Caterpillars, upon which so much depends, need native plants as hosts where they can lay their eggs. Without caterpillars, there will be no adult butterflies. Without caterpillars, birds will not survive. Adult butterflies use the plants as a nectar source, but their larvae cannot survive on them.

Butterfly bush is controversial, in other words. I just didn’t know before. In fact, in 2012, Butterfly Gardener magazine devoted an entire issue to the pros and cons of the “Great Butterfly Bush Debate.” Gardeners and ecologists like Margaret Roach and Doug Tallamy recommend planting native alternatives. Still, garden centers sell butterfly bush, and many pollinator garden plans include Buddleia on their lists of recommended plants, like this one from the Dyck Arboretum.  Dyck Arboretum sell it at their plant sales, too, with the caveat that it’s not native, and therefore is not a host plant for caterpillars.

So, the good and the bad are both here.  Now that I know, what should I do?

You may decide that you can find better things to plant that butterfly bush. Or you may decide that planting true natives nearby can ensure that you have what the Dyck Arboretum blog calls “the ecological garden trifecta: host plants for larval food, nectar for adults, and habitat to shelter and rest.” 

About my four, I plan to dig one up—being careful to get the roots—and cut the others back.  They bloom on new wood, and can be cut all the way to the ground.
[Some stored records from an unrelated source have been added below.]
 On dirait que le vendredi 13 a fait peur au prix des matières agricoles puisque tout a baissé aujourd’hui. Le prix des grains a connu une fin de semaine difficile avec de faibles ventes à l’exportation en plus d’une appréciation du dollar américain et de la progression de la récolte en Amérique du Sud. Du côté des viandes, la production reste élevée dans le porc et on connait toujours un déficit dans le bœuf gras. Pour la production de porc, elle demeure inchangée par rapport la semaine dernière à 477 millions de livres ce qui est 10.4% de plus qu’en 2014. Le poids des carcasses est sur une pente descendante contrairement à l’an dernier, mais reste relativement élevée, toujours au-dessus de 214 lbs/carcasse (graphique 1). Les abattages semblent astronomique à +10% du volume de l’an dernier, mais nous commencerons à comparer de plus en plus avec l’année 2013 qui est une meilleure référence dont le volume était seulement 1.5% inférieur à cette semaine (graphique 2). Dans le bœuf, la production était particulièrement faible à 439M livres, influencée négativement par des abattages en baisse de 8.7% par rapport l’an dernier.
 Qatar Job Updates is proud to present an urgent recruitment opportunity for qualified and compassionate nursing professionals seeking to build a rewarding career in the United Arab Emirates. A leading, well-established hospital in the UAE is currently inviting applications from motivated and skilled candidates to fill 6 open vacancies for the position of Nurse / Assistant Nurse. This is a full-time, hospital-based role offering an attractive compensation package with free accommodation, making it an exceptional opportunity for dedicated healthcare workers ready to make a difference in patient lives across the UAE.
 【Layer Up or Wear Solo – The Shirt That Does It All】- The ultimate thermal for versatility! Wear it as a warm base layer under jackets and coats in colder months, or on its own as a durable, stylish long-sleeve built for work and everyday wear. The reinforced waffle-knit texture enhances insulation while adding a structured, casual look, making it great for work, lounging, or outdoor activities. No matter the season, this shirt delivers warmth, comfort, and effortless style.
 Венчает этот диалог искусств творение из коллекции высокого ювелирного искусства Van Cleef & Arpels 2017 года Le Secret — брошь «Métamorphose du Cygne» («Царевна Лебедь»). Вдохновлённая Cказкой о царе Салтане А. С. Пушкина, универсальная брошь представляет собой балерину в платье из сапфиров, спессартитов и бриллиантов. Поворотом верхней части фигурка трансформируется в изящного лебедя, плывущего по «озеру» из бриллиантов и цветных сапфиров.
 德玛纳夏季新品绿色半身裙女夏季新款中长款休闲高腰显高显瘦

My sources inform me that they’re also slow to get started in the spring. The ones that remain I plan to actually care for instead of just watching. This year I’m going to deadhead flowers so the seed doesn’t spread. And I’ll stamp out any new sprouts.

Here’s a variety of butterfly bush that’s actually called ‘Evil ways.’

Spring’s official start is just five days away! Thanks for reading and enjoy the rain.